Zwischen 600 und 1500 Proben jährlich bewältigen vier Apotheker in dem Team. Dabei werden sie von pharmazeutisch- und chemisch-technischen Assistenten sowie Chemielaboranten unterstützt. »Es ist immens wichtig, dass man sich mit jedem Gerät gut auskennt«, betont Wollein. »Das geht nur, indem man selbst Hand anlegt.« Neben unzähligen HPLC-Anlagen lassen ein LC-MS und eine Triple-quad GC-MS sein Analytiker-Herz höherschlagen.
Das »freie Arbeiten«, das er aus seiner Promotion in pharmazeutischer Chemie im universitären Umfeld kannte, habe er sich sofort abgewöhnt. Stattdessen seien exakte Dokumentation und präzise Arbeit das A und O, denn Wollein vertritt als Beamter den Freistaat Bayern. Bei kriminalistischem Hintergrund gehört es außerdem zu seinen Aufgaben, als Sachverständiger vor Gericht auszusagen. Langweilig werde es ihm also nicht.
Als 2018 Nitrosamin-Verunreinigungen in Sartanen entdeckt wurden, ordneten die Behörden die Untersuchung der Fertigarzneimittel und Wirkstoffe an und schickten das Team im LGL damit auf ein ganz neues Terrain.

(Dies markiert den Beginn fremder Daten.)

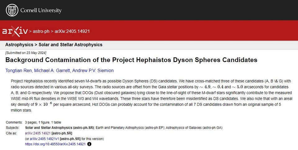 ผลวิจัยพบว่า ดาวแคระแดง 3 จาก 7 ดวงที่เชื่อว่าเป็นที่อยู่ของ Dyson Sphere มีความเป็นไปได้ว่าอาจจะเป็นแค่ผลจากการแผ่รังสีฟาร์ อินฟราเรดจาก Quasar ชนิดหนึ่งที่เรียกว่า Hot Dust-Obscured Galaxy (Hot DOG) ซึ่งอยู่บริเวณใจกลางของกาแล็กซีชนิด Active Galactic Nucleus

Schließlich spielte Rückstandsanalytik im Pharmabereich – anders als bei Lebensmitteln – bisher keine Rolle. Um die Spuren im ppm- bis ppb-Bereich nachzuweisen, musste zunächst eine valide Methode entwickelt und etabliert werden.
Das Sachgebiet Pharmazie des LGL wurde führender Teil der »Nitrosamintesting-Group« vom Europäischen Direktorat für die Qualität von Arzneimitteln (EDQM) und arbeitete dafür eng mit internationalen Mitarbeitern aus ganz Europa und sogar der U.S. Food and Drug Administration (FDA) zusammen – mit Erfolg. »Das war sehr herausfordernd, aber auch spannend, weil wir in eine neue und noch anspruchsvollere Analysentechnik eingestiegen sind«, resümiert der Apotheker.
Er selbst schätzt die Zusammenarbeit auf europäischer Ebene sehr. Auch international stehen die Behörden in einem engem Austausch miteinander.